Process can not be used as enforcement.
That is contrary to how many view process. They treat it the way we treat our legal system. Every time something bad happens, the solution simply must be a new process implemented in order to prevent the situation from happening again.
Sometimes that works, but it requires all the developers to believe in the new process. Let’s use automated testing as an example.
Your product has a bug. It was pretty bad. The bug would have been easily caught by automated testing. After fixing the bug, a new process is implemented where all new code requires automated testing. Great! Now all our future code is bug free right?
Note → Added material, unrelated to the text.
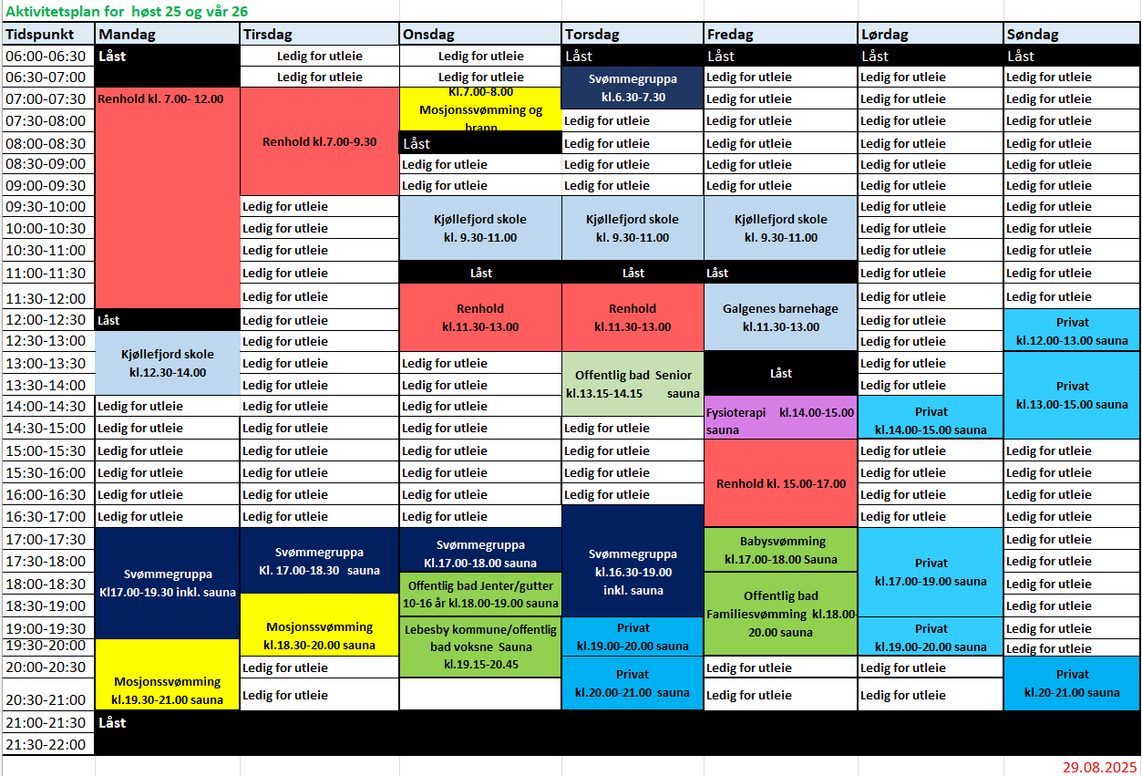 Kjøllefjord svømmehall er åpent i perioden fra 18.august til 19.desember, og fra 2. januar til 30.juni.
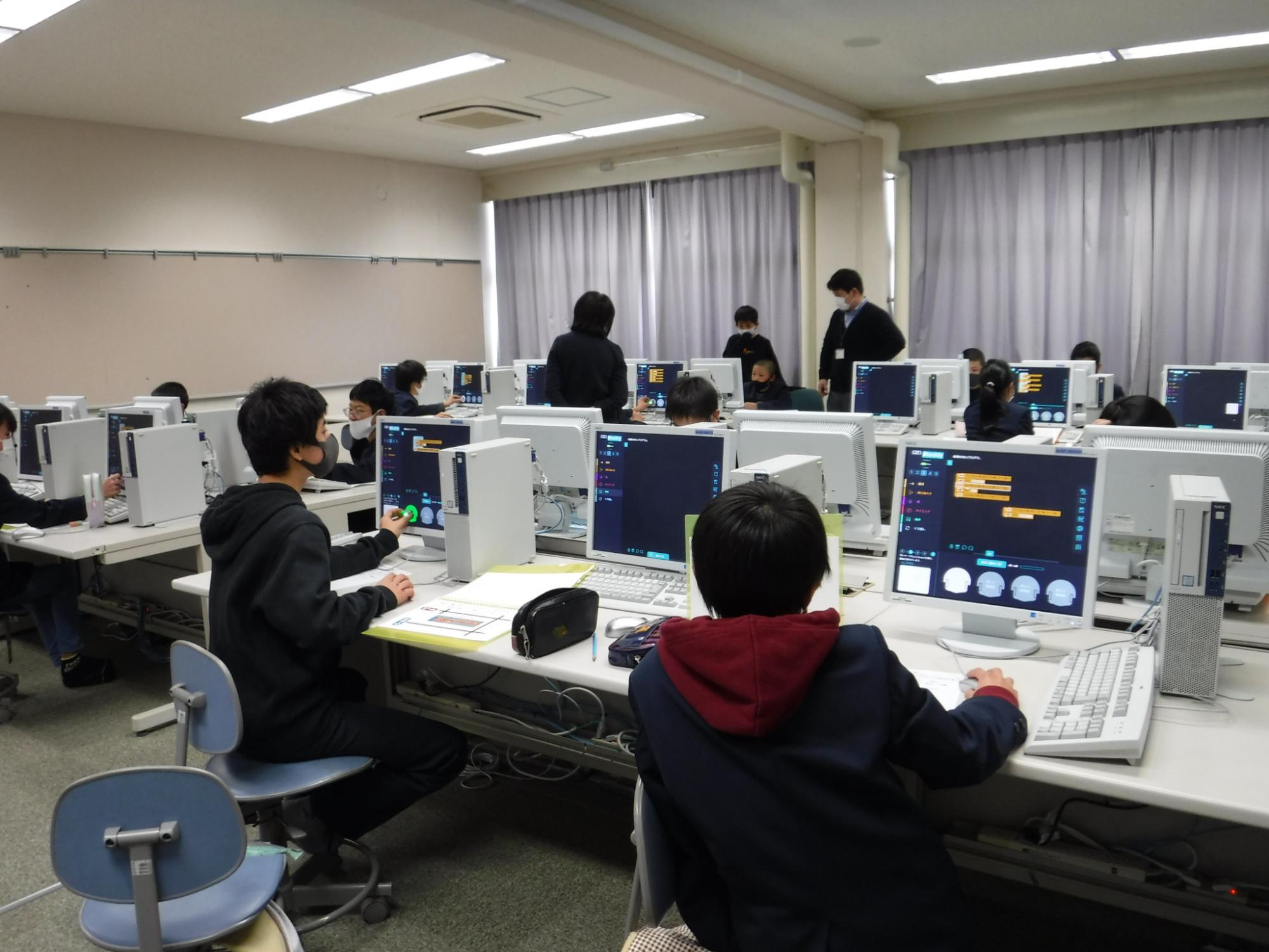 1月14日、小中連携授業として、6年生を対象にプログラミング学習が行われました。

If the developers on the team don’t believe in automated testing, then they may not write it. A code review can be enforced to check for them, but that won’t work if the reviewer doesn’t believe in automated testing.
The solution to that may be engineering management checks on it. What’s the reporting ratio though? 4 developers to 1 manager? 8 to 1? Not all tests are created equal. A manager with a team of developers who don’t believe in automated testing will only be able to check that they have built some tests. That manager will not have time to check that they have built good tests that would actually prevent bugs from being introduced.
Process can be used to help remind a developer who believes in automated testing that they should write automated tests. Process can not force a developer who doesn’t believe in automated testing to write automated tests that are actually useful.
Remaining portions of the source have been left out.